Thank goodness we have you passing judgment on the internet; otherwise who else would be around for us to do it? I'm glad you're willing to destroy someone for a mistake rather than letting them learn and change. We all know that arbitrary and harsh punishments solve everything.
"Oops, you told me not to do this, and I volunteered to agree to these stricter standards yet I flagrantly disregarded them, please forgive me" doesn't seem like something you just accidentally do, it's a conscious choice.
I've been an AC (the person who manages the reviewing process and translates reviews into accept/reject decisions) at ICML and similar conferences a few times. In my experience, grad students tend to be pretty good reviewers. They have more time, they are less jaded, and they are keener to do a good job. Senior people are more likely to have the deep and broad field knowledge to accurately place a paper's value, but they are also more likely to write a short shallow review and move on. I think the worst reviews I've seen have been from senior people.
It's usually not "noob" students. Big conferences require reviewers to have at least one (usually more) published paper in major venues. For students, this usually means they went through the process of being the first author on a few papers.

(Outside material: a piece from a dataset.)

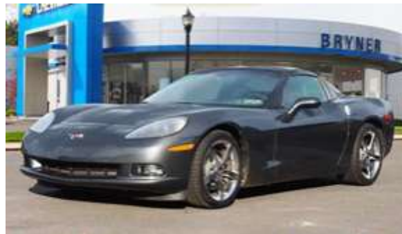
2010 Cyber Gray Coupe 1LT pkg., 6.2L 430hp V8, Auto, Transparent roof panel Club Price $28,499 Stk#6942A

Ok but you need peer reviewed publications to graduate with a PhD.
And if you retort that the whole academic system is obsolete, well, it still carries a lot of prestige and legitimacy that makes politicians interested in maintaining it, so it's not going anywhere soon.
In many cases authors and reviewers are not the same. In your first two publications to such venues you are not allowed to review yourself and need someone else.
I think consequences are well deserved, but hopefully not on the authors cost (if innocent).
It’s an unethical, false choice. The reviewers are not perfectly rational agents that do free work, they have real needs and desires. Shame on ICML for exploiting their desperation.
Banned for life is a stretch but the actual response is completely fine. They can just resubmit to the next conference.
Words mean something, if you promise to uphold a contract and break it, there are consequences. The reviewers were free to select the policy which allows LLM use.
Is it? The reviewers could simply have chosen a different option in a form field. While I understand that they were "forced" to review under reciprocal review, they still had other choices where I don't see coercion happening and that could have avoided the outcome for them.
And detection was not done with some snake oil "AI detector" but by invisible prompt injection in the paper pdf, instructing LLMs to put TWO long phrases into the review. They then detected LLM use through checking if both phrases appear in the review.
This did not detect grammar checks and touchups of an independently written review. The phrases would only get included if the reviewer fed the pdf to the LLM in clear violation to their chosen policy.
> After a selection process, in which reviewers got to choose which policy they would like to operate under, they were assigned to either Policy A or Policy B. In the end, based on author demands and reviewer signups, the only reviewers who were assigned to Policy A (no LLMs) were those who explicitly selected “Policy A” or “I am okay with either [Policy] A or B.” To be clear, no reviewer who strongly preferred Policy B was assigned to Policy A.